(Material to process)
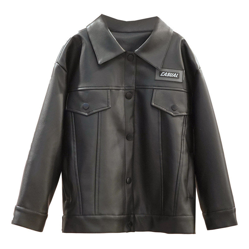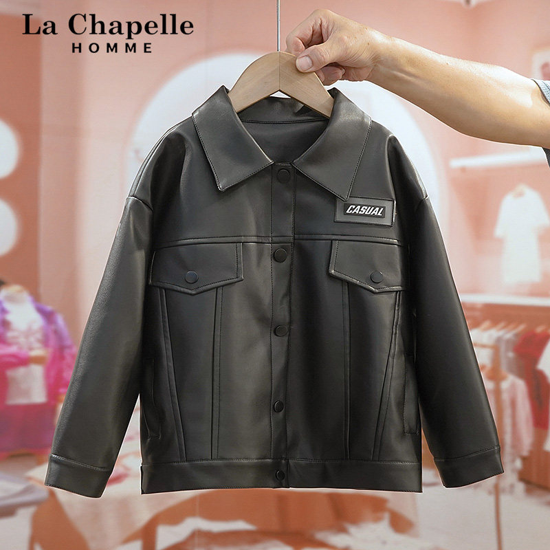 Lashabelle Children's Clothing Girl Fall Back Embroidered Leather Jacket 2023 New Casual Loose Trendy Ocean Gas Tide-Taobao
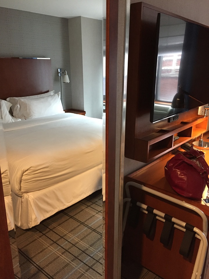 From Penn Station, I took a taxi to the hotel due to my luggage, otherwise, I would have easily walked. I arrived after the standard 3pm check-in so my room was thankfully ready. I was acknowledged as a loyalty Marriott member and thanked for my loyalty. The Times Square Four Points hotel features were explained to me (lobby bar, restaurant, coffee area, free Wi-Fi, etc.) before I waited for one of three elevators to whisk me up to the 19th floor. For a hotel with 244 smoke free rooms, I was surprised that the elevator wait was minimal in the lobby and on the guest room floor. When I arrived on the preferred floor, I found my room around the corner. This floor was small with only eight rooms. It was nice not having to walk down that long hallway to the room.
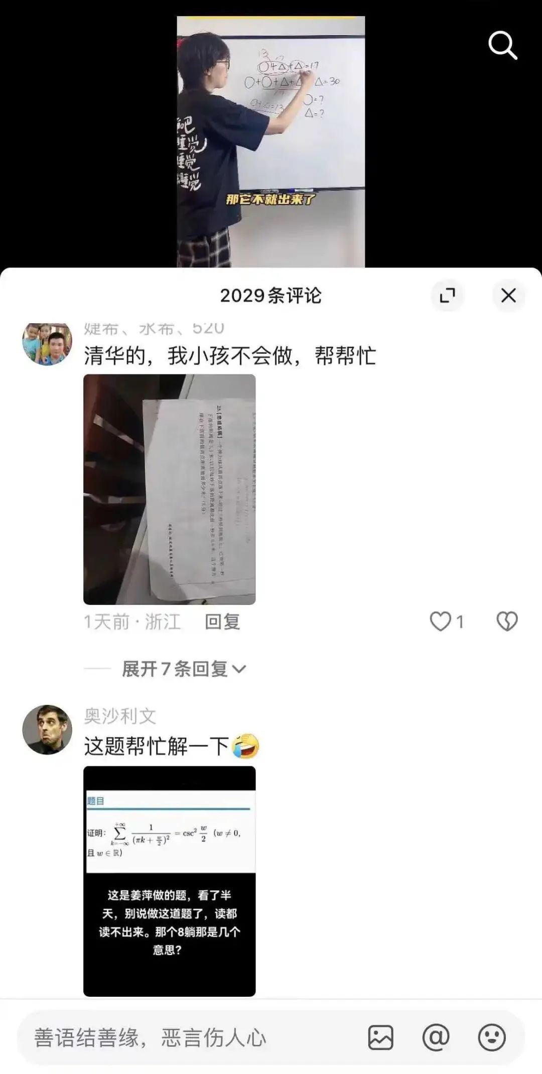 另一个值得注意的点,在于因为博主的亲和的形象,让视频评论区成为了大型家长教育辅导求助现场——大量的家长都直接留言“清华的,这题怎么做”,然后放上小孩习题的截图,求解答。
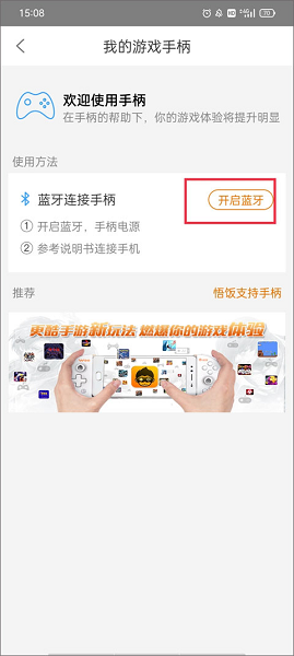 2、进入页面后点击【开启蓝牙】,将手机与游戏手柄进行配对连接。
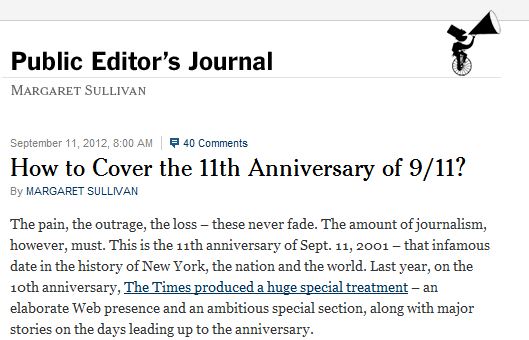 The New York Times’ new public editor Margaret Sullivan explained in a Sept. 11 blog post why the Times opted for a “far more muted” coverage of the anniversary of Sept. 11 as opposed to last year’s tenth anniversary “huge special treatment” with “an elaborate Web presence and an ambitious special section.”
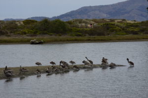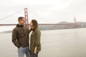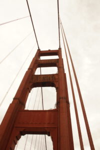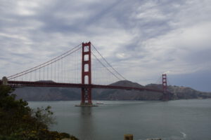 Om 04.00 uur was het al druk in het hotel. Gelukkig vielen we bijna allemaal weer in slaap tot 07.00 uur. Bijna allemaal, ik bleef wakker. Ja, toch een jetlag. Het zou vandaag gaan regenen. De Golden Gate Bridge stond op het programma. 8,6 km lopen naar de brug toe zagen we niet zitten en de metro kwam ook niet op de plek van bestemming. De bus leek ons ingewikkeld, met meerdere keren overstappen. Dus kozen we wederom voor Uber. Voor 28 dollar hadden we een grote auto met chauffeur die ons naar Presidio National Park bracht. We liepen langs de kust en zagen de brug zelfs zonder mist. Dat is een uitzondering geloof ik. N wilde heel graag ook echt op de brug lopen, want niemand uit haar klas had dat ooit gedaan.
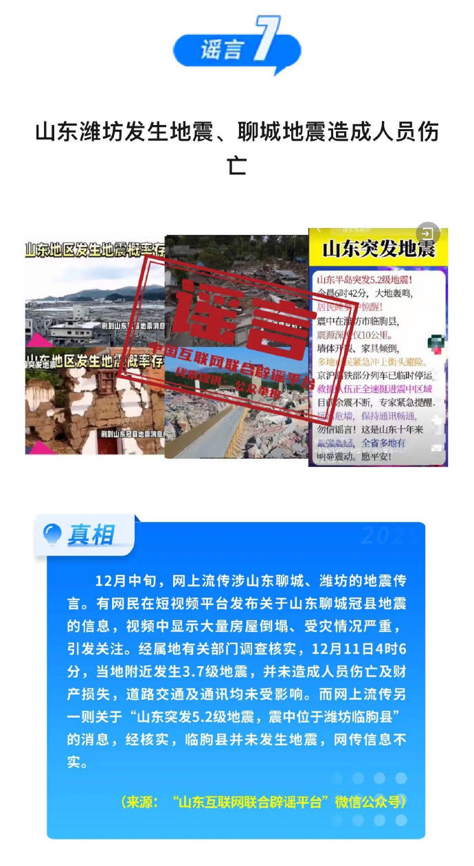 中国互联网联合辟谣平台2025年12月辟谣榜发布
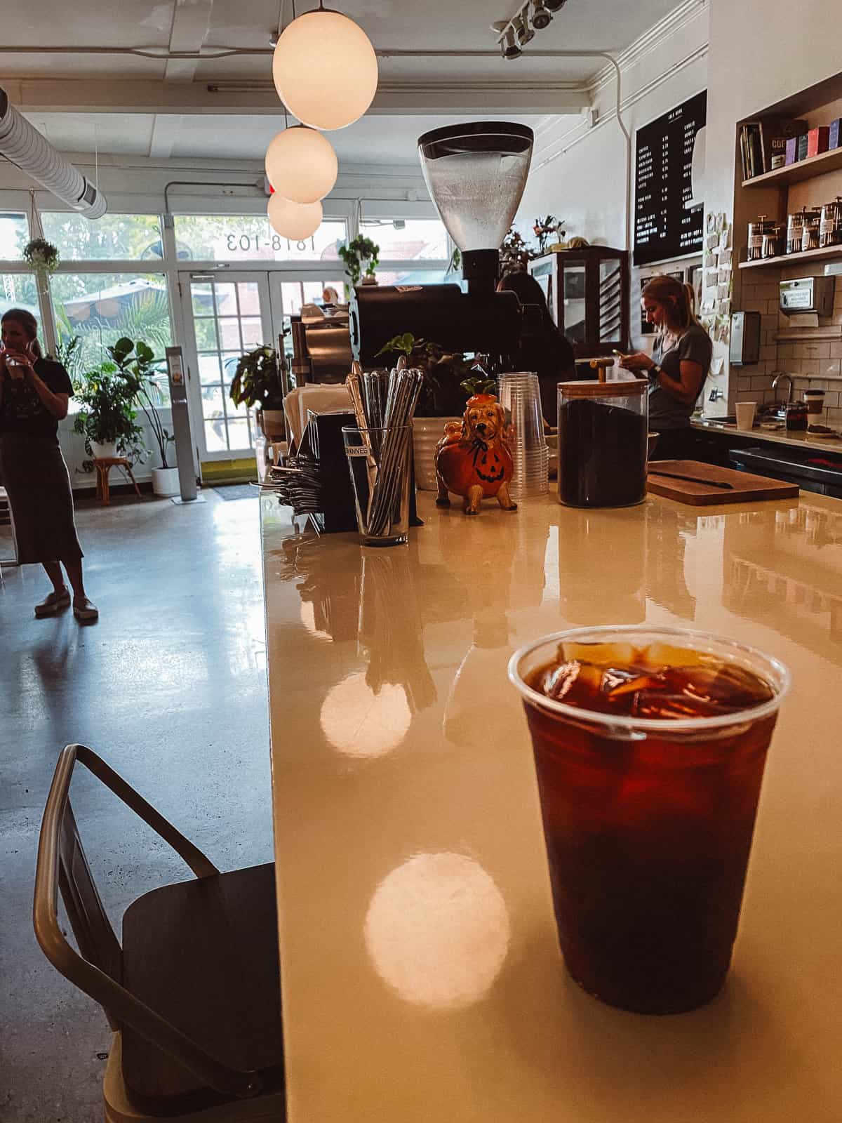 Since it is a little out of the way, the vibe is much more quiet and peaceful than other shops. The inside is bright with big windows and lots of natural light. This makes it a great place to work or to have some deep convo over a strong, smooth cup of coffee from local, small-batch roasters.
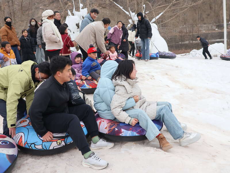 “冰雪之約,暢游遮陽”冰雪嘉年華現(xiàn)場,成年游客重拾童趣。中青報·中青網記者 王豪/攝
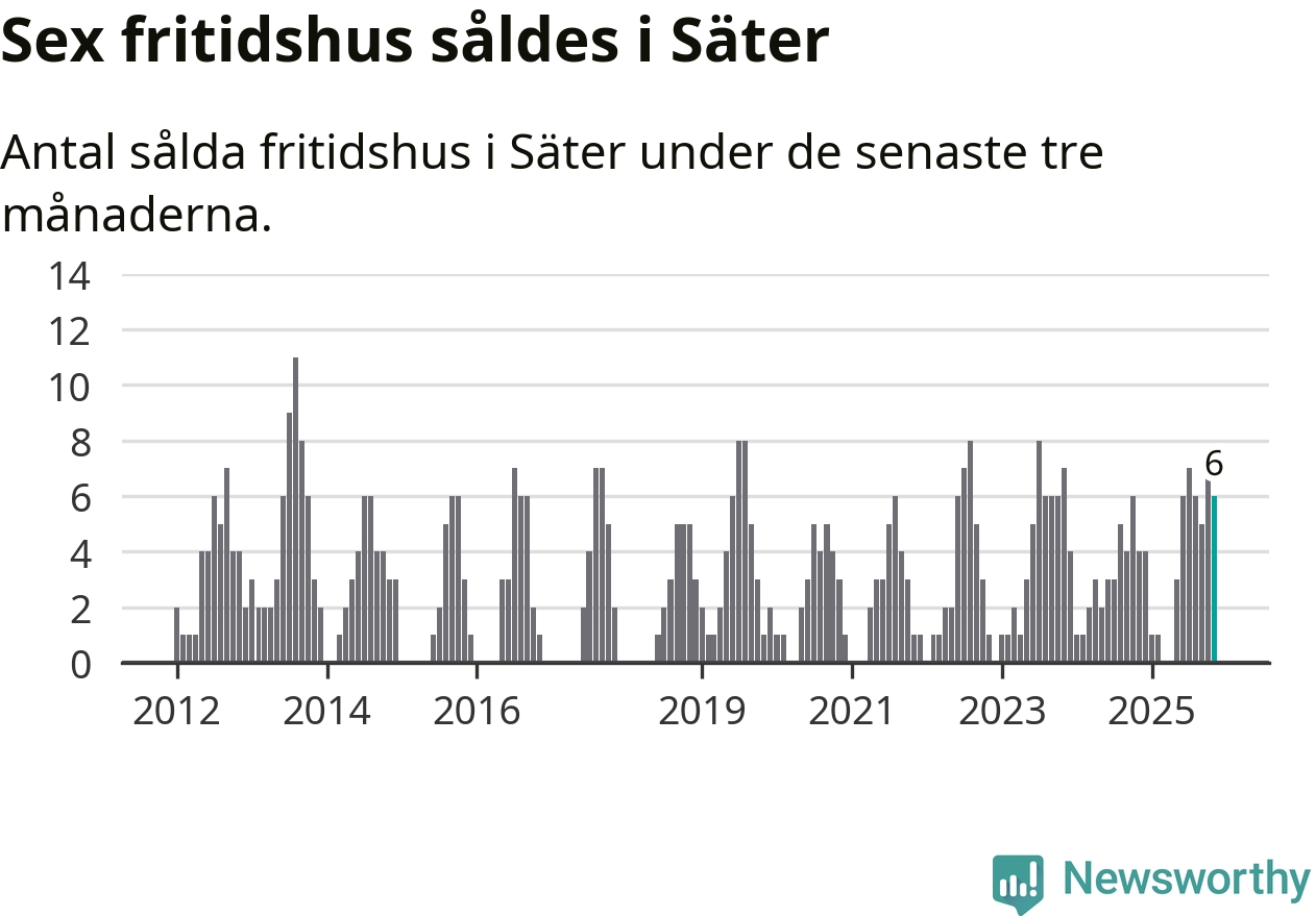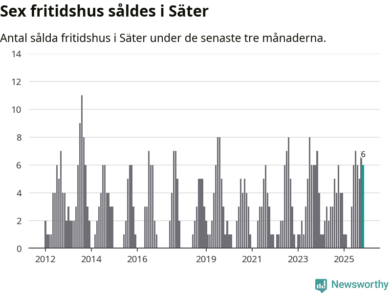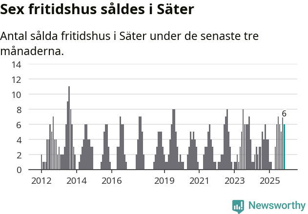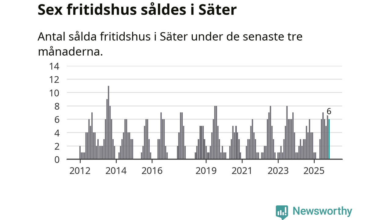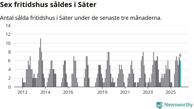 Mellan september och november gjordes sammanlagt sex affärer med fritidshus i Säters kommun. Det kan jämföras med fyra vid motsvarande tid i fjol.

(Problem)
Pictures are to be omitted from the copy, and only the lines from the one containing "Since it is" through the final line of the listing above are to be written out exactly.

(Solved exercise)
 Since it is a little out of the way, the vibe is much more quiet and peaceful than other shops. The inside is bright with big windows and lots of natural light. This makes it a great place to work or to have some deep convo over a strong, smooth cup of coffee from local, small-batch roasters.
 “冰雪之約,暢游遮陽”冰雪嘉年華現(xiàn)場,成年游客重拾童趣。中青報·中青網記者 王豪/攝
 Mellan september och november gjordes sammanlagt sex affärer med fritidshus i Säters kommun. Det kan jämföras med fyra vid motsvarande tid i fjol.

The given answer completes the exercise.